The amendment to the law bears great significance because it partly resolved the above contradiction, since for one of the two types, grants awarded to cover costs (expenses), the rules for accounting income changed. As a result of the amendment, the Act on Accounting allows grant income received as cover for costs (expenses) to be recognised as accrued income if the entity can prove that it will comply with the conditions set forth for receiving the funding, and it is likely that it will receive the funding. Consequently, the accounting of grant income awarded to cover costs (expenses) is no longer tied to the condition of financial settlement or settlement with the funding organisation.
In addition to grants awarded to cover costs (expenses), the other type of support is development grants. In contrast to the former, pursuant to the current Act on Accounting the accountability of grant income from this type of funding is still subject to financial settlement, meaning much stricter rules apply.
What does this mean in practice?
Below we will detail the options for income accounting related to each type of funding in accordance with the prevailing legal regulations, in light of financial settlement and settlement with the funding organisation.
Settlement with the funding organisation and financial settlement until balance sheet preparation date
If the settlement with the funding organisation and financial settlement of grant income to cover costs and expenses take place in the same financial year as the grant is received, then the grant amount may be recognised as other income until no later than the financial settlement, both in the case of grants awarded to cover costs (expenses) and development grants.
Development grants must always be allocated as deferred income pursuant to the Act on Accounting, and released to cover the relevant costs and expenses that are incurred.

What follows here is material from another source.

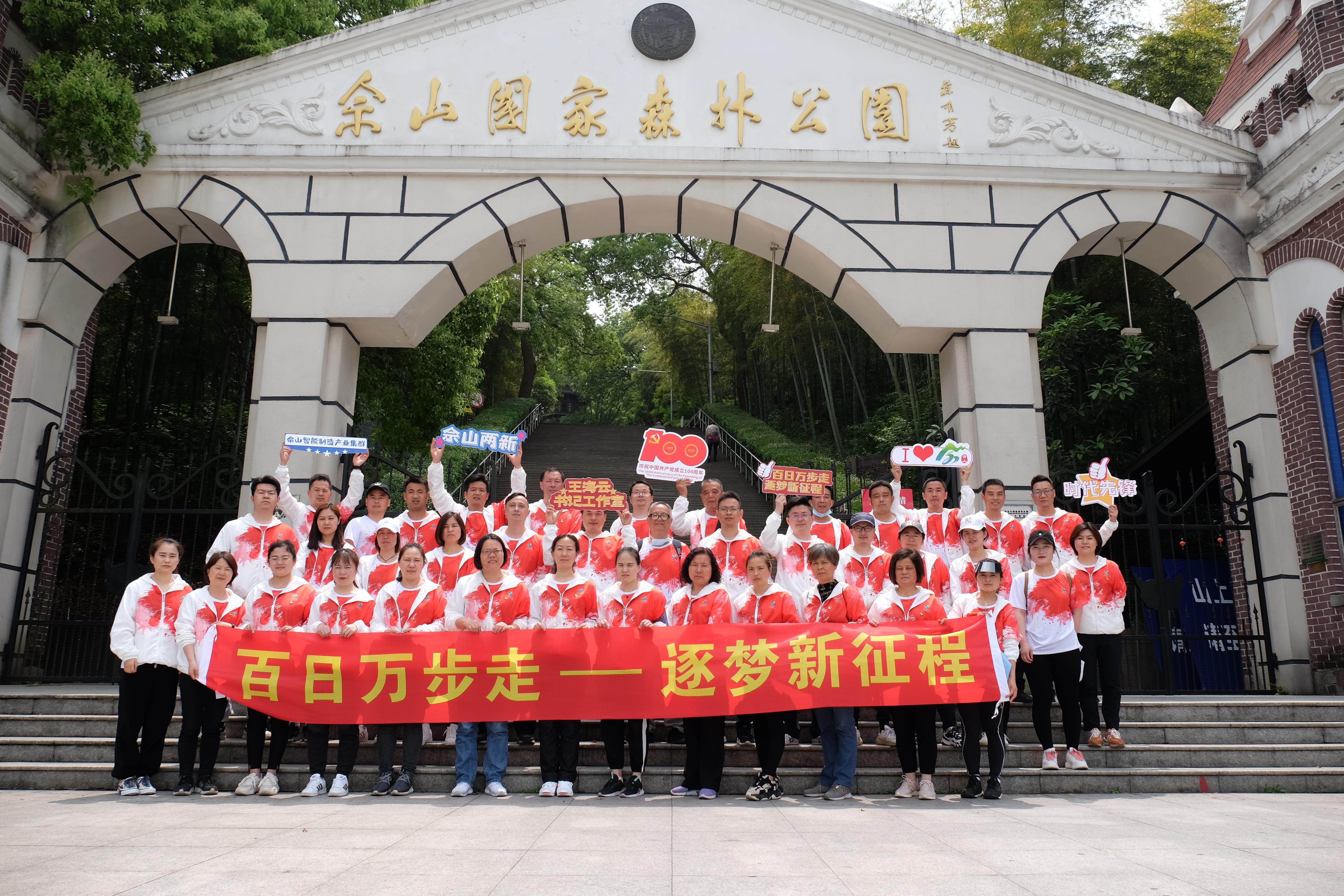 本次活动分别在4个景点精心设计了不同的打卡任务,每一组以佘山国家森林公园北大门为起点出发,沿着规定的路线一路向前,向“佘山之巅”纪念碑为目的地奋力攀登。大家通过分组分成了9个组,并取好队名、口号。每组都高举队旗,分别有先锋队、峰起云涌队、枪炮玫瑰队、云之队和康康队等。大家你追我赶,勇往直前,气氛热烈,整个登山过程充满了活泼、愉快的气氛。党史知识竞答环节,大家都跃跃欲试,想为自己的队伍争取更好的成绩;“勠力同心”环节极具趣味性,考验大家的默契程度,团队相互配合、有效沟通是取胜的关键。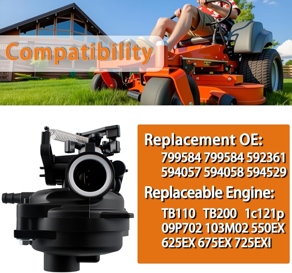Fit for Various Lawn Mower Models: This carburetor is suitable for Husqvarna LC 121P push lawnmower, Toro 550ex 140cc mower, Yard Machines 675EX Snapper Mower, Troy B110 lawn mower, Troy-Bilt TB110, and 247372370 Craftman, providing broad usability

If, contrary to the previous case, grants related to costs and expenses incurred in the financial year are settled with the funding organisation in the same financial year, but the financial settlement takes place between the reporting date and the balance sheet preparation date in accordance with the accounting policies, the beneficiary shall recognise a receivable from the funding organisation as of the reporting date. This way, the income can be accounted against other receivables for both funding types. The same also applies for grants awarded to cover costs if both the financial settlement and the settlement with the funding organisation take place at the same time between the reporting date and the balance sheet preparation date.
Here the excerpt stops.